#### WHAT YOU NEED TO DO:
Using the listing below, give again exactly the lines from the line with "بھارتی حکومت کے" to the line with "在书法创作中,李 锋同志还注", inclusive, without the pictures.

#### DATASET RECORDS:
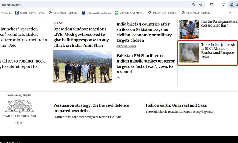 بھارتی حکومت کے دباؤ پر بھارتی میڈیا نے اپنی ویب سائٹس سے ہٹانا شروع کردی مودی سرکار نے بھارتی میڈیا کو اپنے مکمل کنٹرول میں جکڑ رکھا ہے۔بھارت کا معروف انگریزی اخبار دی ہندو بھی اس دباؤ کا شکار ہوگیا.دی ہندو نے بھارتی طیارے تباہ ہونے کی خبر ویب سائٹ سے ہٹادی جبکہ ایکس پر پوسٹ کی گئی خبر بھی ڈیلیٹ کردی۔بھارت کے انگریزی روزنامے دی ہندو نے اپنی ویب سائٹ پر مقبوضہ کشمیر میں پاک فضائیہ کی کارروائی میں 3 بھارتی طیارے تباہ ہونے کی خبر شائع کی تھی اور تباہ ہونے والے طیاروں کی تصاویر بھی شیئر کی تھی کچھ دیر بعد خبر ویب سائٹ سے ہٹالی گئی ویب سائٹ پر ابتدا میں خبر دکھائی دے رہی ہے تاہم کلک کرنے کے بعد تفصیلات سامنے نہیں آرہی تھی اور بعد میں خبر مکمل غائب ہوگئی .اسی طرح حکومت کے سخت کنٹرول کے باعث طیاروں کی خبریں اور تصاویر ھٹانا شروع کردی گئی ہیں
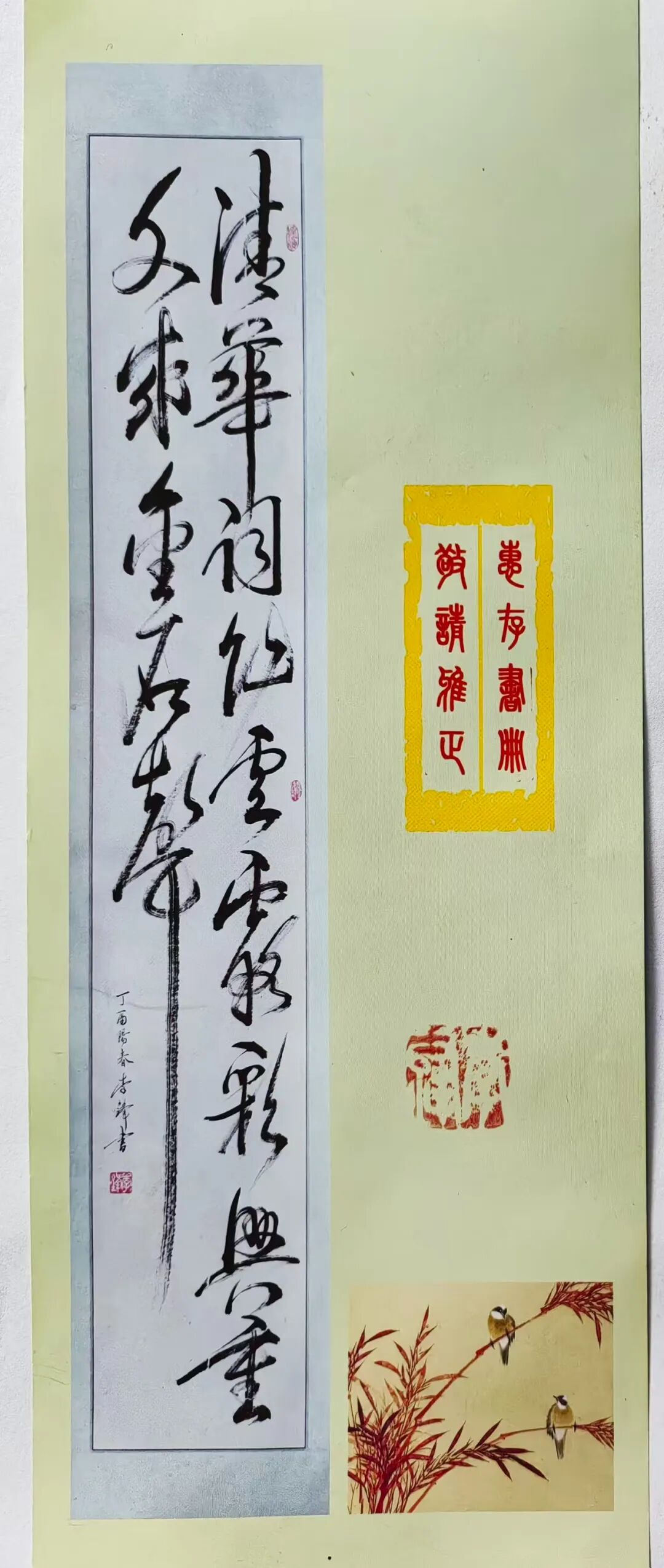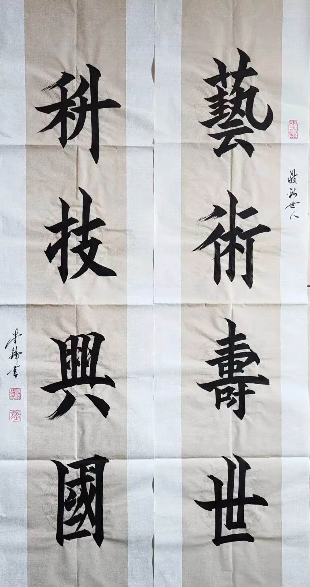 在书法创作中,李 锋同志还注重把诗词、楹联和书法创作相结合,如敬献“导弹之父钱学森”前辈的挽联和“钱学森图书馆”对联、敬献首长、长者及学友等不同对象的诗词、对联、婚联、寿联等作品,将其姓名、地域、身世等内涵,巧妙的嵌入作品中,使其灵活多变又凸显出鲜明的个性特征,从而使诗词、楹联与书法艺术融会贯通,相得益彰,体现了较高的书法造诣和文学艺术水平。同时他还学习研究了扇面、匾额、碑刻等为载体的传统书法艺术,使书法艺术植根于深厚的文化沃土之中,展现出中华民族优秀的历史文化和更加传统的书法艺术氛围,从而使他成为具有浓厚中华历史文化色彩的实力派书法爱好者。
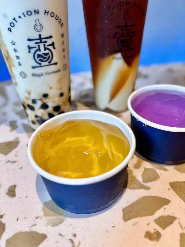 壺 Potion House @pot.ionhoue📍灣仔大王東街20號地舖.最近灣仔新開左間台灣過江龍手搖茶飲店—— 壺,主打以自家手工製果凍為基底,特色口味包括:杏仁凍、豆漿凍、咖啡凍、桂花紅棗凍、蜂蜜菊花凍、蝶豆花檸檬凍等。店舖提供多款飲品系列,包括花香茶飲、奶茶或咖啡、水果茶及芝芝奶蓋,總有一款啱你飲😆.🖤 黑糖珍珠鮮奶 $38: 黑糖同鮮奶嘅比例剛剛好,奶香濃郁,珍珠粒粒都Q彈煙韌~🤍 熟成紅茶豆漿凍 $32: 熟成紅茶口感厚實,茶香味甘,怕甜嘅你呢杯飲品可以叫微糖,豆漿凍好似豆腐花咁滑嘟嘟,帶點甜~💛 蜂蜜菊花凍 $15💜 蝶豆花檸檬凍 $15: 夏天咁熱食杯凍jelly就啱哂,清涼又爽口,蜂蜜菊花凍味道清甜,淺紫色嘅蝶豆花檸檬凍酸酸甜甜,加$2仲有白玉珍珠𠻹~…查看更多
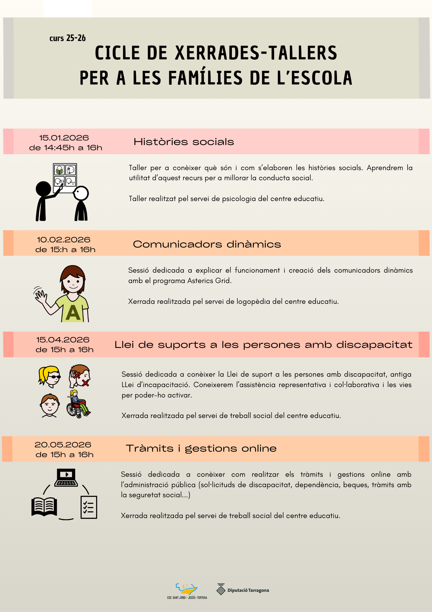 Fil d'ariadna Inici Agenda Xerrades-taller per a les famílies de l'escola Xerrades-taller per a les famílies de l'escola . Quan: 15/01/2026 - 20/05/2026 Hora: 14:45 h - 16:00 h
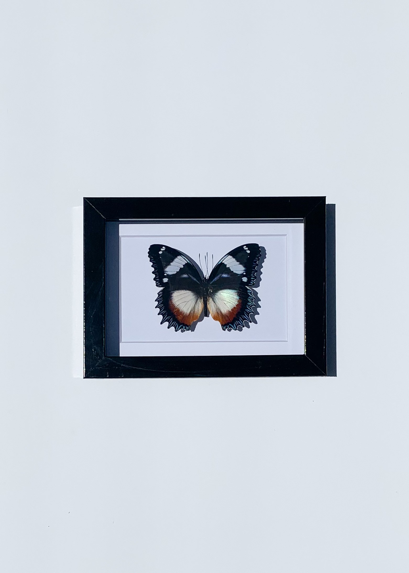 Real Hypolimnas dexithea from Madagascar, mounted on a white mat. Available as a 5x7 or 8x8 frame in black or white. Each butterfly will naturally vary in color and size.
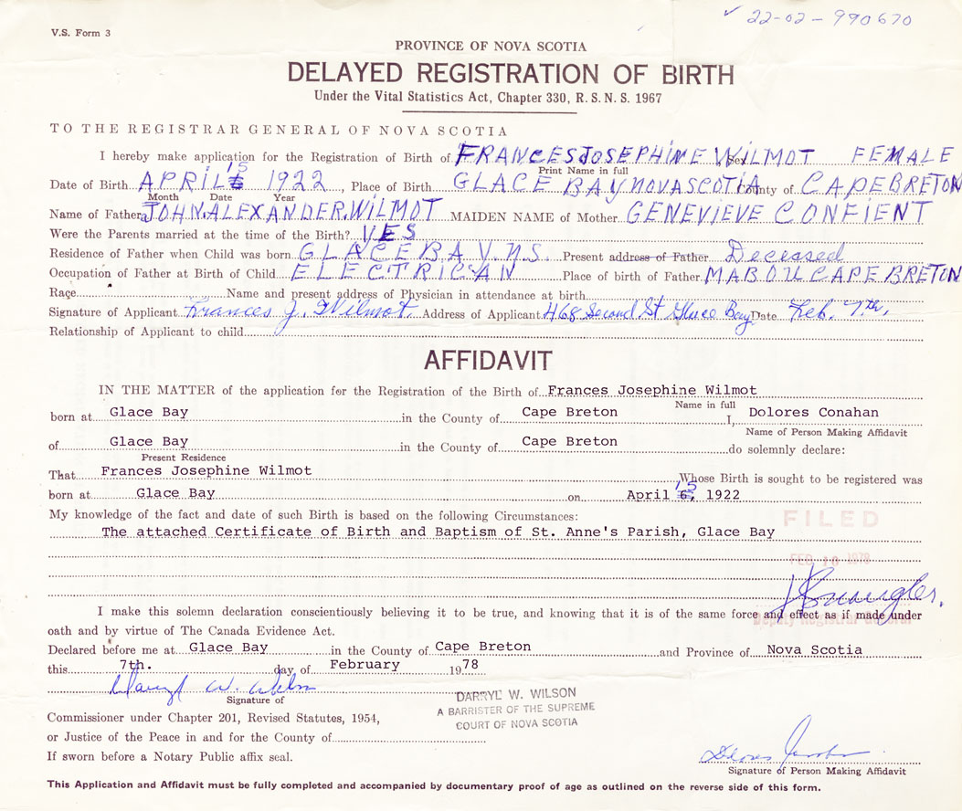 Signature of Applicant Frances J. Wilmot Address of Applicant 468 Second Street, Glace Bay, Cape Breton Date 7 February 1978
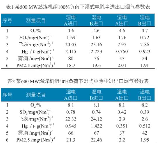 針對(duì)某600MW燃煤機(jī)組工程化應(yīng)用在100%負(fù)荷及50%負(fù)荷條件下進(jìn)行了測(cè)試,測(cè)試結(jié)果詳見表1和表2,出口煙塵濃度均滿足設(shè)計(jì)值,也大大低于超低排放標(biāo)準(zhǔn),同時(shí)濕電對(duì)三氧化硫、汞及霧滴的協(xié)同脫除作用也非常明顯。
--
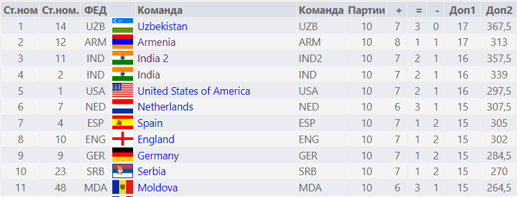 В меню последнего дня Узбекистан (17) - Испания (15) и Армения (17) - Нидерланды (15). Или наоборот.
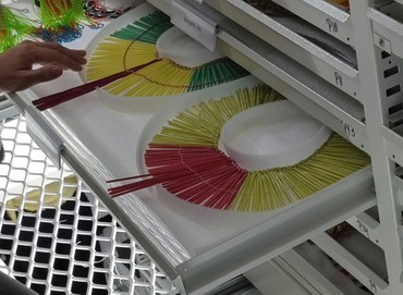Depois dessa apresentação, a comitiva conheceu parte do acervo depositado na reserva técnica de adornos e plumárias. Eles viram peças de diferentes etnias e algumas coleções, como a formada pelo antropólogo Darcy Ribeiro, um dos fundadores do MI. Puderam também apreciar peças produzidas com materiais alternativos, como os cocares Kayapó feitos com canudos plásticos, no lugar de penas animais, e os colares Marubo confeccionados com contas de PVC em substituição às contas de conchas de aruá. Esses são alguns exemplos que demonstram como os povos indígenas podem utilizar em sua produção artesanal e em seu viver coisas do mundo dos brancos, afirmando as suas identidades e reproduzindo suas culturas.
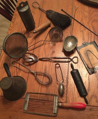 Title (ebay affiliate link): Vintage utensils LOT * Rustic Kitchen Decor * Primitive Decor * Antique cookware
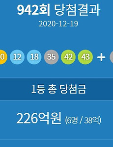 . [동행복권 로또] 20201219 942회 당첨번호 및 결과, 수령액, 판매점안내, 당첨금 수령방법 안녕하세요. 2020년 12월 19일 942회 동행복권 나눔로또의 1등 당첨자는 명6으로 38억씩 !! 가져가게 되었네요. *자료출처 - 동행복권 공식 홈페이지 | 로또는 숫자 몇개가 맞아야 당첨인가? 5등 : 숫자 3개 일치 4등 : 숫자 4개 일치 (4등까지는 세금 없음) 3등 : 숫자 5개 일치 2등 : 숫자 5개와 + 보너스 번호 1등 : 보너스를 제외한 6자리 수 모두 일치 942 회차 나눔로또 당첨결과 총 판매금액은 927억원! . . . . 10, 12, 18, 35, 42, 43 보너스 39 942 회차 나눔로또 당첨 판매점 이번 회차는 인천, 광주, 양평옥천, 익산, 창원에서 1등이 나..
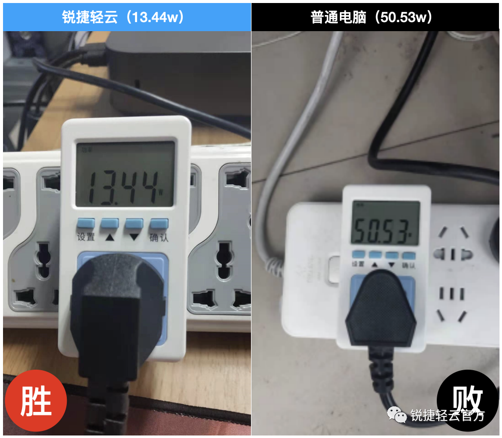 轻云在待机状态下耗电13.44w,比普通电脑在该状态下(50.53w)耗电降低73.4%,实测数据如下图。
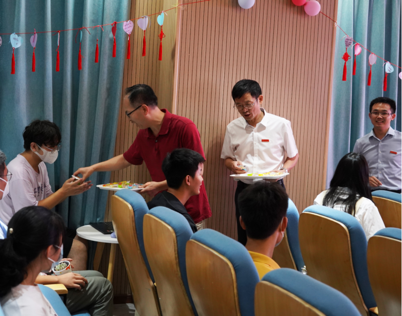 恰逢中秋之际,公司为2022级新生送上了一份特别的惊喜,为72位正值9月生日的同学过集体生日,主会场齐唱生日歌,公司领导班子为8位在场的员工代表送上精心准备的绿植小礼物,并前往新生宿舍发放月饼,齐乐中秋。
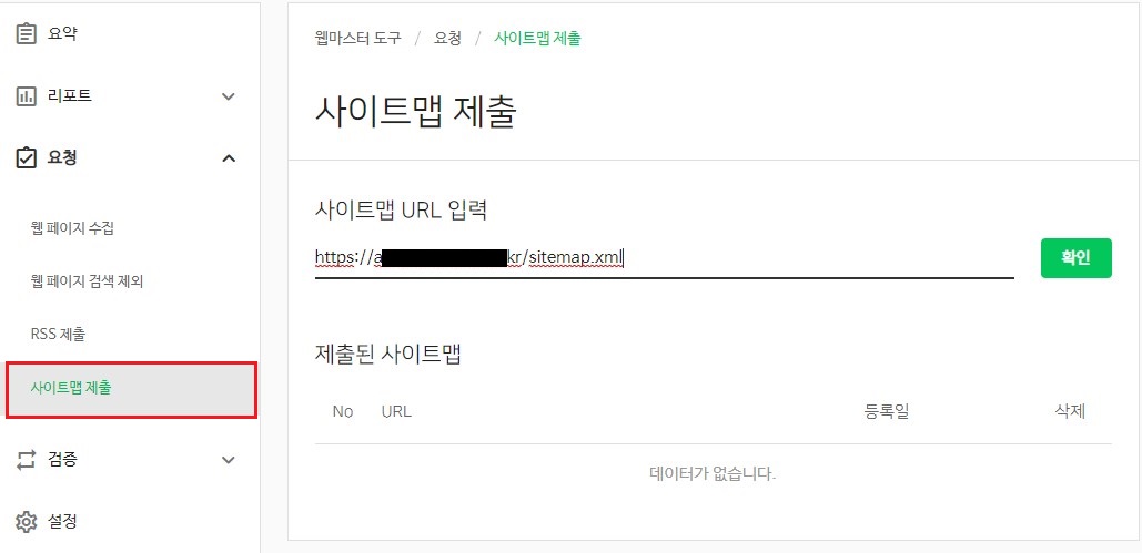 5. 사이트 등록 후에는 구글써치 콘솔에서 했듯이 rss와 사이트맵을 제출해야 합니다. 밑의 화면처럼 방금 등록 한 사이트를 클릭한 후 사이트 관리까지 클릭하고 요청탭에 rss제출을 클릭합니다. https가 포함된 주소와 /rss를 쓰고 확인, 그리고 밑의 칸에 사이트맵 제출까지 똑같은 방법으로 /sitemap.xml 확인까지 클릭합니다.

#### THE ANSWER:
 بھارتی حکومت کے دباؤ پر بھارتی میڈیا نے اپنی ویب سائٹس سے ہٹانا شروع کردی مودی سرکار نے بھارتی میڈیا کو اپنے مکمل کنٹرول میں جکڑ رکھا ہے۔بھارت کا معروف انگریزی اخبار دی ہندو بھی اس دباؤ کا شکار ہوگیا.دی ہندو نے بھارتی طیارے تباہ ہونے کی خبر ویب سائٹ سے ہٹادی جبکہ ایکس پر پوسٹ کی گئی خبر بھی ڈیلیٹ کردی۔بھارت کے انگریزی روزنامے دی ہندو نے اپنی ویب سائٹ پر مقبوضہ کشمیر میں پاک فضائیہ کی کارروائی میں 3 بھارتی طیارے تباہ ہونے کی خبر شائع کی تھی اور تباہ ہونے والے طیاروں کی تصاویر بھی شیئر کی تھی کچھ دیر بعد خبر ویب سائٹ سے ہٹالی گئی ویب سائٹ پر ابتدا میں خبر دکھائی دے رہی ہے تاہم کلک کرنے کے بعد تفصیلات سامنے نہیں آرہی تھی اور بعد میں خبر مکمل غائب ہوگئی .اسی طرح حکومت کے سخت کنٹرول کے باعث طیاروں کی خبریں اور تصاویر ھٹانا شروع کردی گئی ہیں
 在书法创作中,李 锋同志还注重把诗词、楹联和书法创作相结合,如敬献“导弹之父钱学森”前辈的挽联和“钱学森图书馆”对联、敬献首长、长者及学友等不同对象的诗词、对联、婚联、寿联等作品,将其姓名、地域、身世等内涵,巧妙的嵌入作品中,使其灵活多变又凸显出鲜明的个性特征,从而使诗词、楹联与书法艺术融会贯通,相得益彰,体现了较高的书法造诣和文学艺术水平。同时他还学习研究了扇面、匾额、碑刻等为载体的传统书法艺术,使书法艺术植根于深厚的文化沃土之中,展现出中华民族优秀的历史文化和更加传统的书法艺术氛围,从而使他成为具有浓厚中华历史文化色彩的实力派书法爱好者。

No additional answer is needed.